Что касается Дрэпера, то он недолго прожил в Приморске. Прихватив с собой солидную сумму денег из тех, что собрали у рабочих, а также большую ссуду, которую любезно предоставило американскому дельцу русское казначейство, он в один прекрасный день исчез, растаял, словно и не было его на юге России.

Но воспоминания о нем остались. Воспоминания, если можно так выразиться, архитектурного порядка. Он построил из красного кирпича пять или шесть двухэтажных казарм, однообразных, как спичечные коробки. Сама по себе спичечная коробка — совсем неплохая вещь и вполне соответствует своему назначению; к тому же на ней наклеена красивая этикетка. Но если спичечную коробку увеличить в тысячи раз, сохранив в девственном виде все ее формы, то она лишится даже той мизерной привлекательности, которую придает ей этикетка, и получится унылое сооружение, пригодное разве для хранения кирпича или железа. Такие коробки и построил Дрэпер для жилья.

Эта «архитектура» понравилась, однако, франко-бельгийским компаньонам. Она привлекла их своей дешевизной и стандартной «рациональностью». После таинственного исчезновения Дрэпера, от чего представитель фирмы, повидимому, особенно не пострадал, ибо не прилагал сколько-нибудь заметных усилий для розыска компаньона, фирма продолжала строить дома по типу дрэперовских. Так выросло несколько страшных улиц, напоминавших не то городок заключенных, не то чудовищно разросшийся двор военной казармы.

По проекту, утвержденному Дрэпером, дома в поселке располагались не параллельно улице, а перпендикулярно к ней. Когда возник вопрос, где ставить уборные, разумного ответа никто дать не мог. Поставить уборную между домами, против окон жильцов, — вроде нехорошо. Поставить с одной стороны — выходит на улицу, с другой — на другую улицу. В конце концов, не желая себя утруждать разрешением этого сложного вопроса, а тем более не собираясь тратить деньги на канализацию, один из градоправителей распорядился:

— Строить уборные на южной стороне улиц.

И вот идешь по улице, и шаг за шагом одна, неменяющаяся картина: уборная — дом-коробка, уборная — дом-коробка… И так далее — казарменно однообразно чуть ли не целых два километра.

И названия улиц такие же тоскливые, безрадостные, как сами улицы, — Казарменная, Кирпичная, Гнилозубовка, Жабовка, Нахаловка…

После революции и особенно со времени строительства нового трубного завода поселок начал понемногу преображаться.

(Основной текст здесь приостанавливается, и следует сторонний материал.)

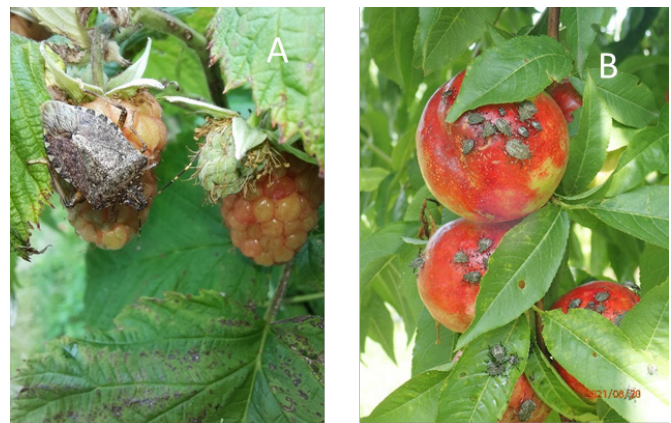
Abb. 5. Invasive Stinkwanzen auf Früchten. (A) Adulte Halyomorpha halys (Hemiptera: Pentatomidae) auf Himbeere; (B) Ansammlung von H. halys Nymphen auf Nektarinen. Unterschiedliche Entwicklungsstadien von Nymphen der Marmorierten Baumwanze saugen an Nektarinen.

Самое лучшее здание, где жил директор, отвели под клуб. В поселке высадили тысячи деревьев, прикрывших срамоту улиц. Но не так скоро изменишь облик поселка, складывавшийся долгие годы.

…В клубе было людно. Ромка, попав в необычную обстановку, приутих. Умолк даже Григорий, редко отказывавший себе в удовольствии позлословить.

Они вошли в ярко освещенный физкультурный зал, где устраивались танцы, и Михо сразу же увидел Марийку. Она стояла с какой-то девушкой у шведской стенки. Михо тронул Ромку за руку и тихо сказал:

— Вот она, дывысь. В углу, видишь — в красной шляпке… Та не там, а от сюда дывысь, — и осторожно показал рукой.

Ромка посмотрел в ту сторону.

— Ота, шо в зеленой кофточке?

— Да.

Ромка причмокнул языком и громко сказал:

— Хороша баба! Герцогиня!

Этого было достаточно для того, чтобы Григорий понял в чем дело. Взглянув на Марийку, он уверенно сказал:

— Врет он. Будет такая краля знакомиться с Михаськой! Все врет!

Михо вспылил:

— Кто врет? Я вру? Да если ты хочешь знать, так я при всех зараз подойду до нее, поздороваюсь, а то, может, еще танцевать пойду.

— Слабо! — поддразнил его Григорий.

— А вот и не слабо. — У Михо заходили желваки. Он решительно направился к Марийке.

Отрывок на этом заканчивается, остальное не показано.